# Feather Flyers on rotary machine



## gamberc (Mar 10, 2008)

has anyone ever tried feather flyers on a rotary machine... hows it work it looks like with time they would just fall apart...how do they hold up and most importantly how do they look. I like the way they look on ground but if you could incorprate those to a rotary machine man those would look sick!


----------



## WLDuckBuster (Dec 16, 2008)

1/2 Piece of EMT with the flyer piece in both ends or wrap elec. Tape around the flyer arm (I have the Sillo one) and put the EMT on that. Looks good but i still like the sillo flyers


----------



## flight cancled (Aug 28, 2007)

low wind days = sillosock fliers, but on those high wind days without a doubt the feather fliers look good!


----------



## KEN W (Feb 22, 2002)

flight cancled said:


> low wind days = sillosock fliers, but on those high wind days without a doubt the feather fliers look good!
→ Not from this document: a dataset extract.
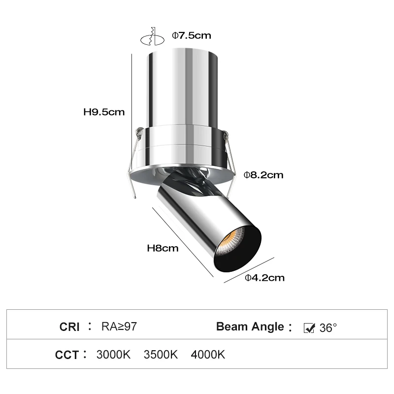 Modern 75mm Ceiling Spotlight Adjustable Indoor Led Recessed Base Round Pattern 12W IP44 for Home Downlight Led Light

What difference does it make if you use feather flyers or sillosocks when useing a rotery machine?Isn't it supposed to be for no wind days?


----------



## gamberc (Mar 10, 2008)

yea thanks guys for your answers but i wasnt asking what type of flyer i should get i was just wondering if anyone used feather fliers on rotary machine


----------



## WhiteRockDecoys (Dec 29, 2009)

Last year we experimented with 4 feather flyers on one vortex. I had a friend weld up some arms that would adapt to 4 SS flyers or 4 feather flyers. It worked ok but in the end we put the feather flyers on and left the power off the vortex. We determined it was more hassle that it was worth.


----------



## gamberc (Mar 10, 2008)

ok thanks man


----------